Finds like these confirm the impression given by the literary sources about the equipment used by Germanic warriors. Only a few were mounted and armour was rare. The majority of warriors employed a spear, a javelin for throwing and carried a shield for protection. A substantial minority also had swords - by the third century almost invariably Roman-made. More Roman swords have now been found outside the empire than within it and it is striking just how many turned up in the possession of tribal armies in Scandinavia, so far away from the frontier. Some had been captured in raids, but more were probably acquired through trade - much of it illicit - and perhaps in gifts to loyal chieftains.'
The semi-professional warriors who made up chieftains' warbands were not especially numerous. At times, larger armies could be formed when they were joined by all those free tribesmen able to equip themselves, but such forces could not stay in the field for long. Most inter-tribal warfare was small scale and mainly consisted of raiding. Occasionally the stakes and scale became higher. At the end of the first century Tacitus wrote gleefully of barbarian tribes wiping each other out without any Roman participation. With just a couple of hundred warriors in his band, a charismatic and successful chieftain could rise to dominate his tribe, and sometimes its neighbours as well, but his power was always precarious.
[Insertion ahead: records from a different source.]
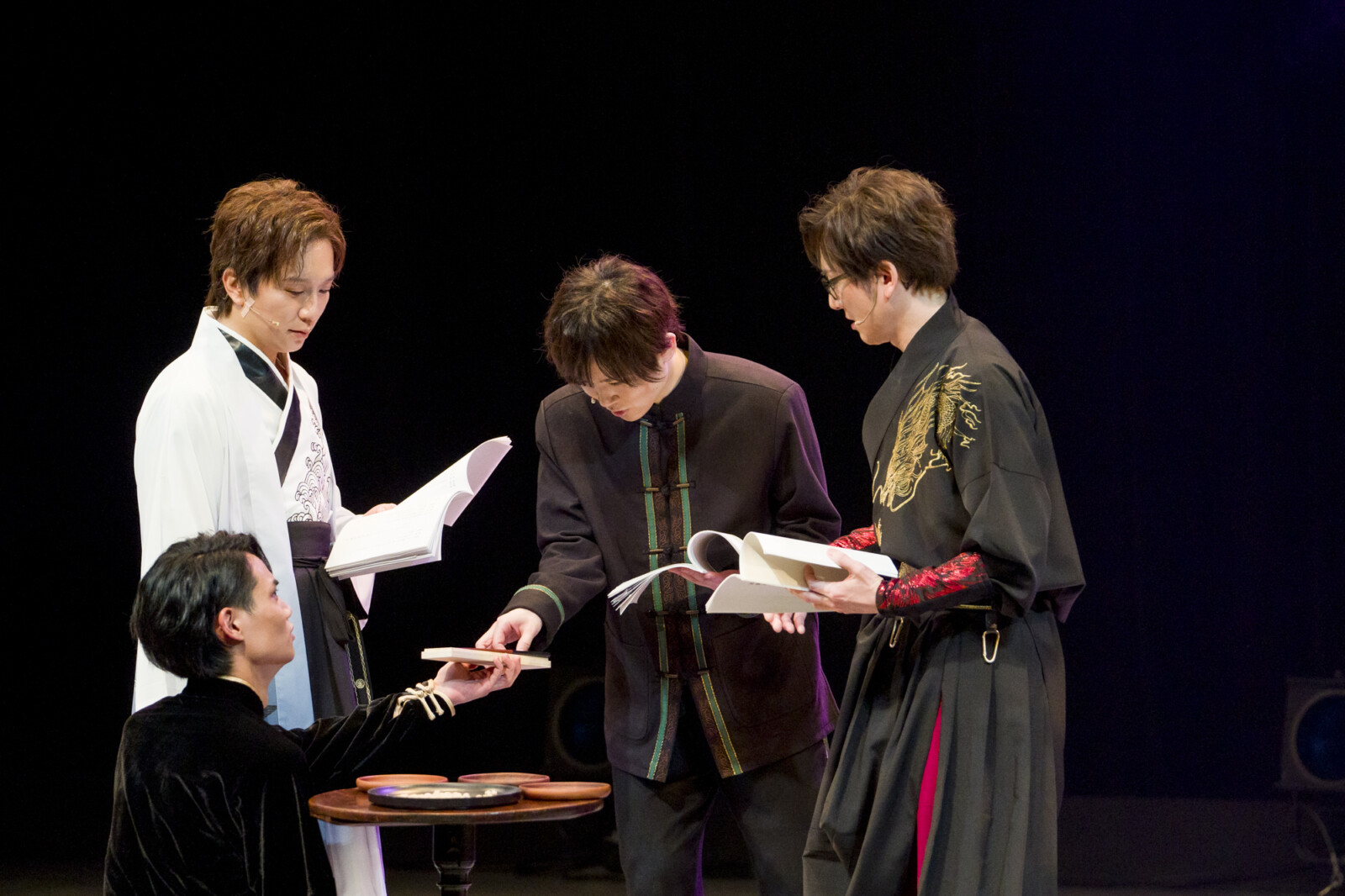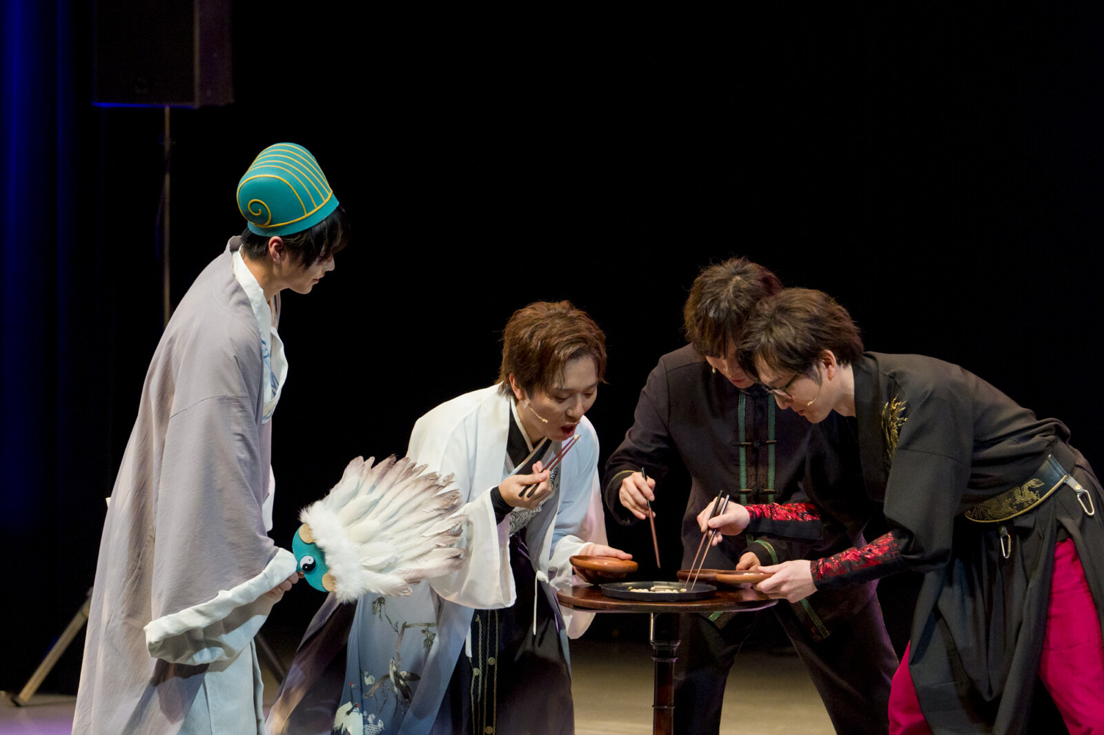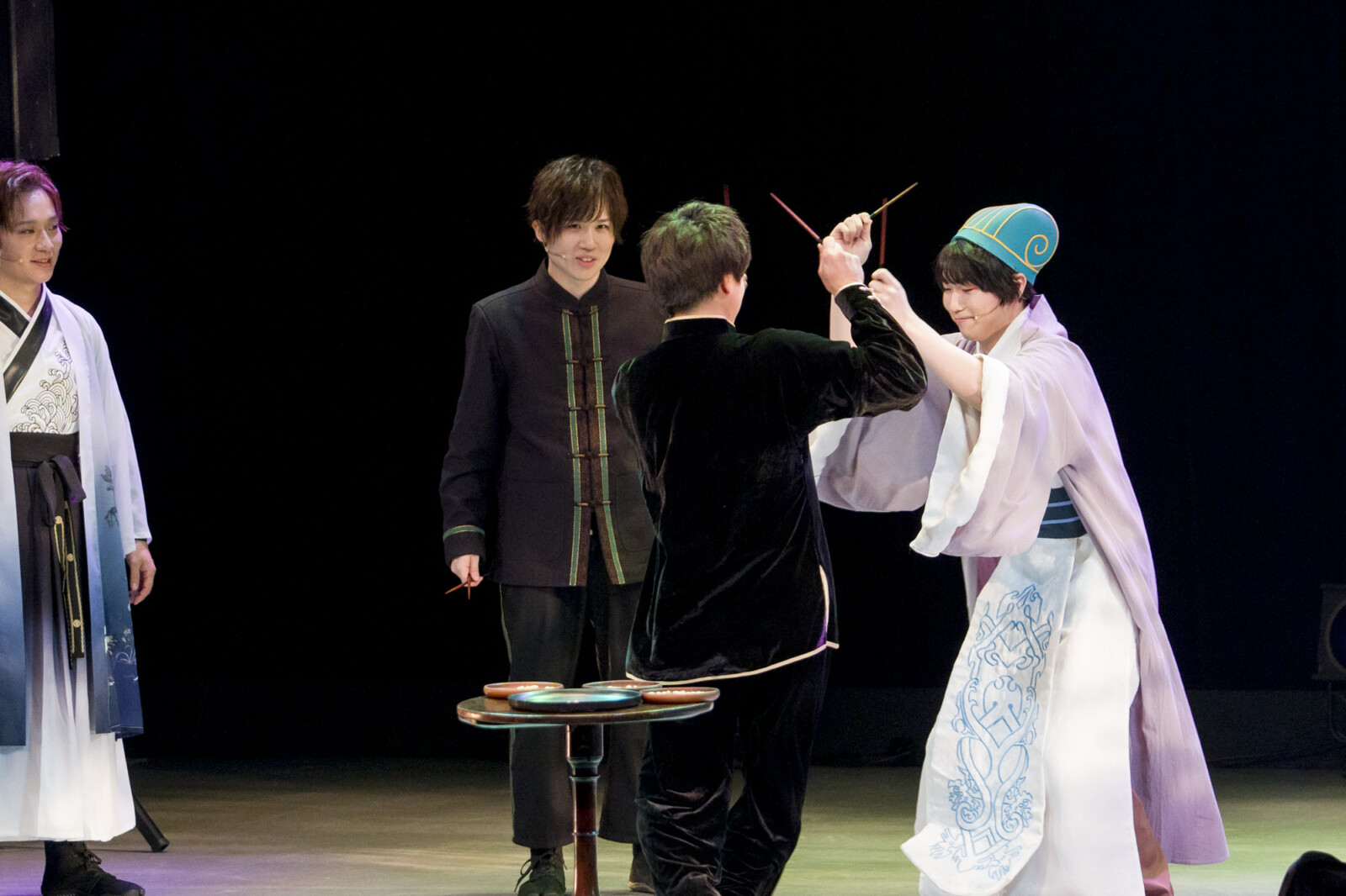 アフタートークでは、宮﨑さんが「昼の部で諸葛亮を演じた濱野大輝さんのアドリブがすごかったので、昼夜逆のほうがよかったです」と苦笑い。そのほか、バラエティパートの思い出を語ったり、武器をお客さんに持ってもらうなど、短い時間ながらも楽しく公演を振り返っていった。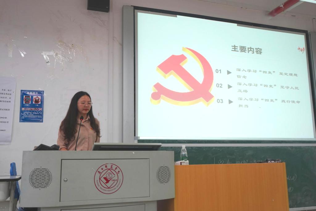 本次培训内容分为三个部分:一是深入四史,坚定理想信念。刘家瑶老师通过讲述吴仁宝、孔繁森、廖俊波等优秀共产党员的光荣事迹,强调共产党人的信仰追求,启发了学生们要见贤思齐,积极向前辈学习,坚定理想信念,并以实际行动践行初心使命。二是深入四史,坚守人民立场。刘老师详细讲述了“中华儿女多奇志,不爱红装爱武装——韦慧晓”的故事,提出了同学们要向韦慧晓同志学习,明确自己的目标并为之不懈努力的希望。三是深入四史,践行使命担当。刘老师通过介绍“新”四大发明——高铁、网上购物、线上支付、共享单车为切入点,反映时代发展之快,由此强调共产党领导的重要性。同时通过具体的例子启发同学们明确政治信念,以科学的立场提升党性思维,坚定不移地信仰共产主义。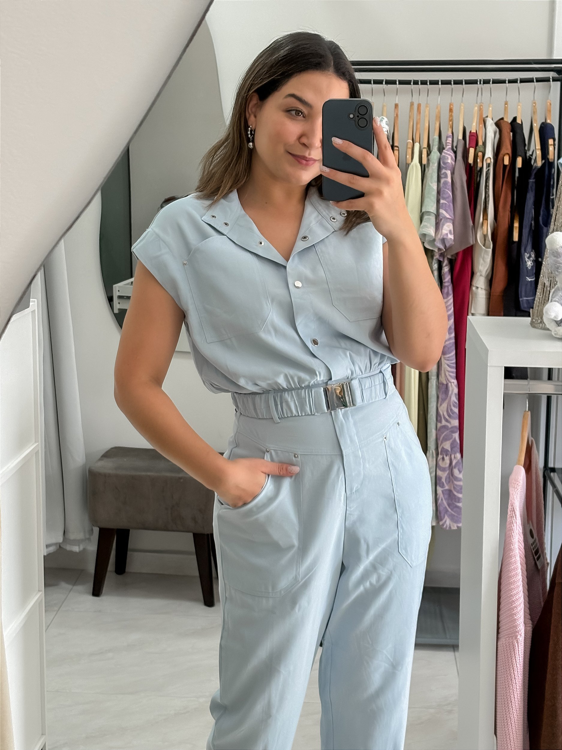 Macacão calça comprida. Fecho por zíper e botões. Gola alta (Podendo ser usada com decote) e bolsos frontais.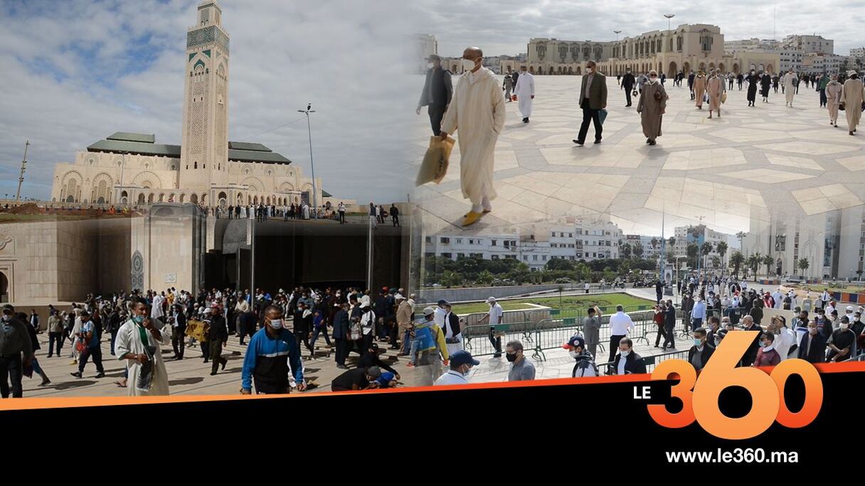 وتوافد مئات المصلين على مسجد الحسن الثاني الذي يعتبر معلمة ومفخرة لكل البيضاويين، حيث مرت صلاة الجمعة في أجواء روحانية وسط احترام تام للتدابير الوقائية من تباعد اجتماعي وارتداء للكمامة وتعقيم للأيدي، إذ التزم كل مصلي بإحضار السجادة الخاصة به والكيس الخاص بوضع الأحذية.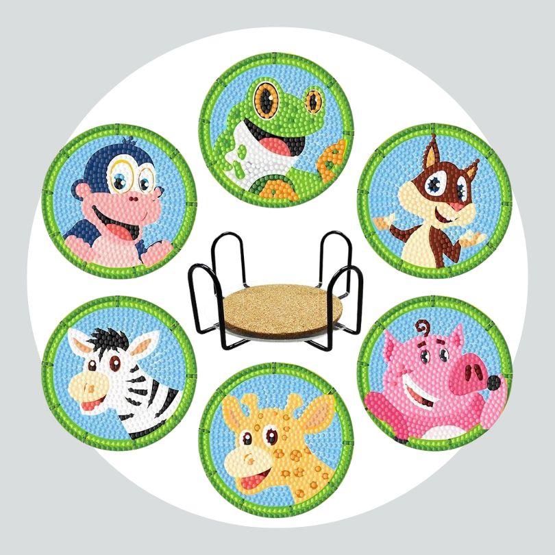 Pintura Terapêutica com Diamantes - Porta Copos (6 unidades) - Animais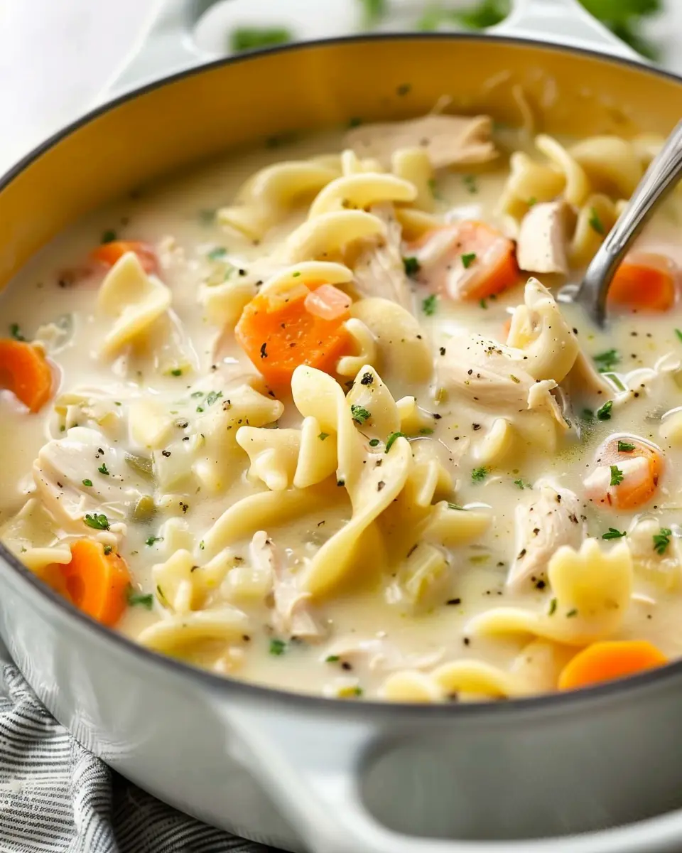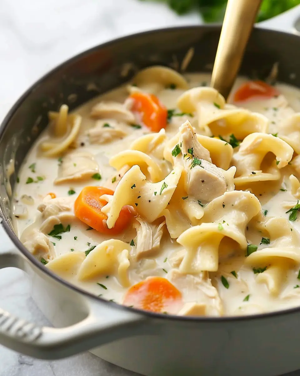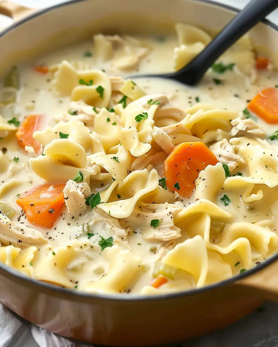 Enjoy a bowl of this Easy Creamy Chicken Noodle Soup, enriched with the savory taste of turkey bacon.

Arminius, the man who had destroyed the legions in the Teutoberg Forest and resisted Roman attacks in the following years, came to lead a confederation including his own Cherusci and a number of other tribes. When the Roman threat receded he was murdered by his own chieftains because they feared he was aiming at permanent rule. Periodically, a chieftain would win great power amongst the tribes, but his status remained personal and tended to die with him. No one managed to establish more permanent authority that could be passed on to an heir.7
It was much easier for the Romans to deal with a few kings or chieftains than large numbers of individualistic tribesmen. From the beginning leaders perceived as friendly to Rome were supported with subsidies and even occasionally direct military aid. Many finds of ornate gold and silver vessels from beyond the frontiers are most likely to represent prestigious gifts given to such men. They were not the only ones to benefit from the arrival of the Romans. The new frontiers were very densely populated with crowded army bases and the settlements that inevitably grew up around them, as well as larger towns and cities. Tribesmen farming the lands beyond the frontier found a ready market for any surplus produce.'
Trade flourished. Grain and animals from east of the two rivers helped to feed the army and the civilians living on the frontiers. In turn the tribesmen had ready access to many luxury goods only available in quantity from the empire. It was a serious restriction when the Roman authorities barred any group from coming to market in the communities along the frontier and a great privilege to be readily admitted. There was also an impact on barbarian communities further away from the empire. We read of Roman merchants going to the Baltic to buy amber, which was prized as jewellery. Other trades - for instance, in fine furs - seem likely, but are harder to prove. A village discovered on one of the Danish islands shows how a community grew rich through trade, acting as a staging post for markets further afield in Scandinavia. There was also the slave trade, for once the Romans stopped fighting regular wars of expansion there were fewer war captives to be sold. Weapons become more common as grave goods for peoples in eastern and central Europe from around the time the Roman frontier was established. Probably this meant far more frequent predatory warfare, as chieftains raided their neighbours for slaves to sell to Roman merchants in exchange for luxuries.'
Chieftains profited most from the slave trade. This was probably also true of agriculture, simply because they were able to amass greater quantities of surplus grain than a single farmer. Already established leaders were also far more likely to attract Roman subsidies. Therefore, although many prospered through the long-term presence of the frontier zone, the impact of Rome also increased divisions within society. In excavated villages all of the houses tend to be of much the same size at the beginning of the Roman period. Later on, it was common for one to be substantially larger and perhaps also fenced off from the rest. Communities prospered through supplying the needs of the densely populated Roman frontier, but it is clear that some individuals benefited far more than others.'°
Peaceful trade was the most common form of contact between Romans, both civilians and soldiers, living on the frontier and the peoples living beyond. Violent encounters were rarer, but that does not mean that they were less important. Raiding was endemic in most of the societies of Iron Age Europe. It was seen as entirely natural whenever the opportunity occurred and a neighbour seemed vulnerable. For chieftains, successful raids brought glory and the plunder with which to reward their warriors. Caesar noted that German tribes took pride in keeping a wide strip of depopulated land around their territory. This showed that they were a warlike people and so acted as a warning to potential attackers."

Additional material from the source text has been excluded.